We set a target to become a top business school in Malaysia. We also aimed to be among the world’s top 100. To become one of the best, we have to balance academic rigour and industry relevance. A few senior professors who did not buy the idea left the school. Deep inside, I knew the target was almost impossible but we still pushed for it. If we don’t reach the stars, we can land on the moon. I believe what many hate now will eventually become the norm when it becomes a success.
The crazy leaders I mentioned are no longer with the university but they left a lasting legacy for the institution. They are my gurus who made crazy things happen. The university is flying high now and the business school is in the world’s top 200. Many may have forgotten them but they are the game changers. I learned the same story from the former VC of Universiti Malaya, Tan Sri Gauth Jasmon. Without him forcing the change more than a decade ago and the strong support he received from the Ministry of Higher Education, UM may not be one of the world’s best now.
The same goes for the National University of Singapore. The university management made a bold, controversial move in the early 1980s that caused a big uproar but NUS is now one of the world’s top 20 universities today. Transformational leadership is about doing the right thing and pushing for crazy ideas that work. Crazy leaders aim high and they pull the trigger.
To make or break? The choice is ours!
Relevant Matters
When I was promoted to Deputy VC for Research and Innovation, we produced a roadmap called RICE (Research, Innovation, Commercialisation, and Entrepreneurship). The mantra is for our university to become Relevant, Referred and Respected. I remember two researchers presented crazy ideas that were rejected previously but seemed workable to me. We set up two laboratories, a Chemistry and Hi-Tech labs. What do science and technology have to do with a management university? many asked.

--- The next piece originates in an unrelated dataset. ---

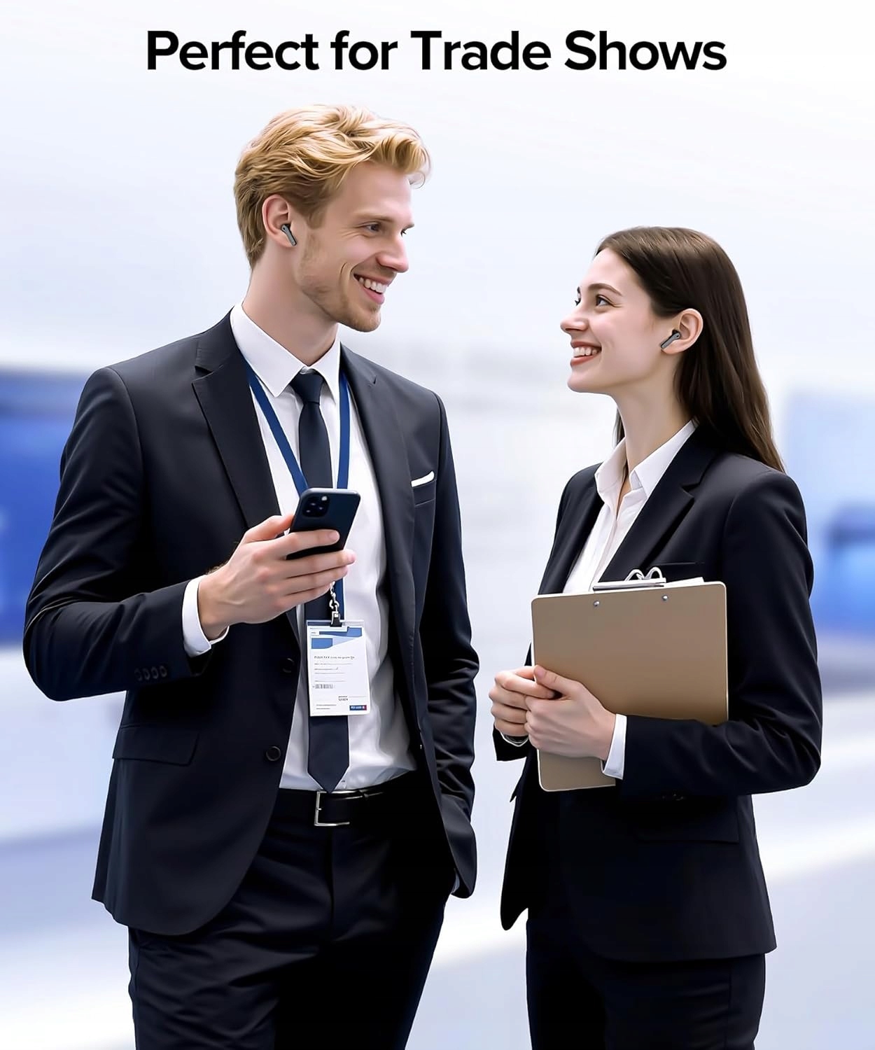 - 164-мовні навушники-перекладачі: створені за допомогою передової технології ШІ, ці бездротові навушники-перекладачі підтримують 164 глобальні мови, включаючи англійську, іспанську, китайську, філіппінську, французьку, японську тощо. Ви можете насолоджуватися миттєвим, точним двостороннім перекладом у реальному часі. Незалежно від того, подорожуєте ви за кордоном, вивчаєте нову мову, берете участь у відеозустрічі чи керуєте глобальним бізнесом, ці навушники для перекладу в режимі реального часу дозволяють вільно й впевнено спілкуватися в будь-якій культурі без бар’єрів.
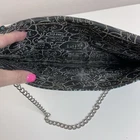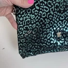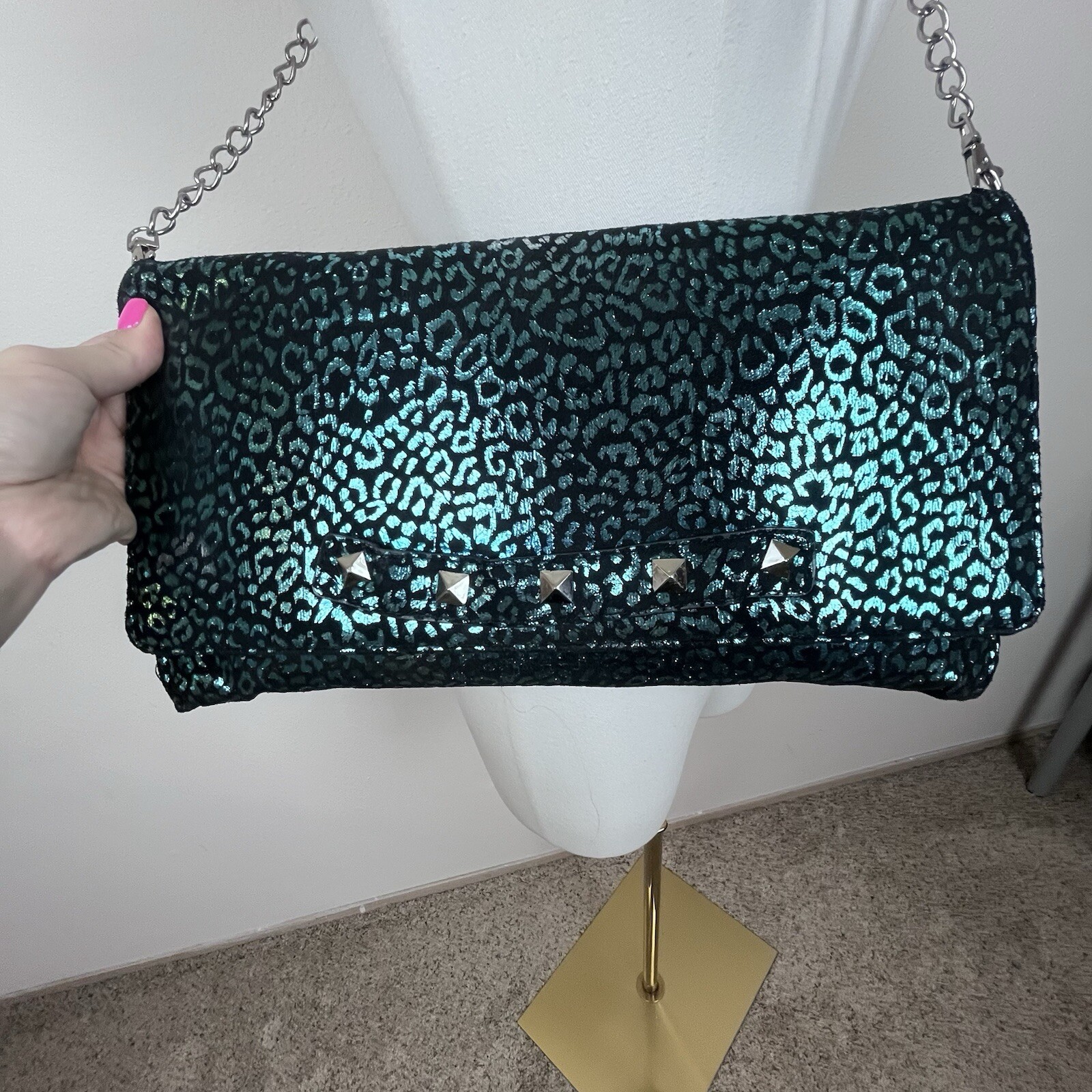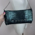 Betsey Johnson Womens Purse Fabric outer shell Detachable chain strap Studded accents Oversized clutch Shoulder bag Envelope clutch Snap closure Animal print Metallic Leopard Cheetah Grunge Punk Goth Measurements in photos One Size

The Chemistry lab has since produced 37 Intellectual Properties, commercialised five products, guided many local SMEs to grow, and helped the university to be one of the best. However, the owner of the Hi-Tech lab left after I left the university due to the lack of support. It’s a pity as she was working on Hi-Tech research in collaboration with top researchers from the Massachusetts Institute of Technology and Oxford University.
I had another opportunity to push for a big transformation agenda when appointed as the VC of another public university. It was another tough journey but nothing is impossible. We pushed for experiential learning and established living labs to make us relevant and our graduates employable. In less than three years, together as a team that believed in the same vision and mission, we transformed the university from the bottom-ranked into one of the best in the country.
Conclusion
I believe the world needs more leaders with disruptive ideas to lead a major breakthrough. Those leaders who are ready to work beyond their self-interest to identify change, create a vision to guide and push for the change agenda through influence, inspiration, and execution of the change. They are crazy but committed leaders who work hard to motivate, inspire and bring people on board to work on disruptive ideas that will bring major impacts not only to the organisation they lead but also to the environment and the society.
Some may think they are crazy and the mediocre ones will hate them for disrupting their normal lives. Instead of confronting them, they ‘hug’ their haters. Transformational leaders are different from normal leaders. They are crazy, stubborn, rebellious, and risk takers but they are also intelligent and confident (yet humble), and importantly they are able to inspire their followers to believe in the impossible. They set the example by working harder than their followers. In a nutshell, they are special leaders who walk the talk!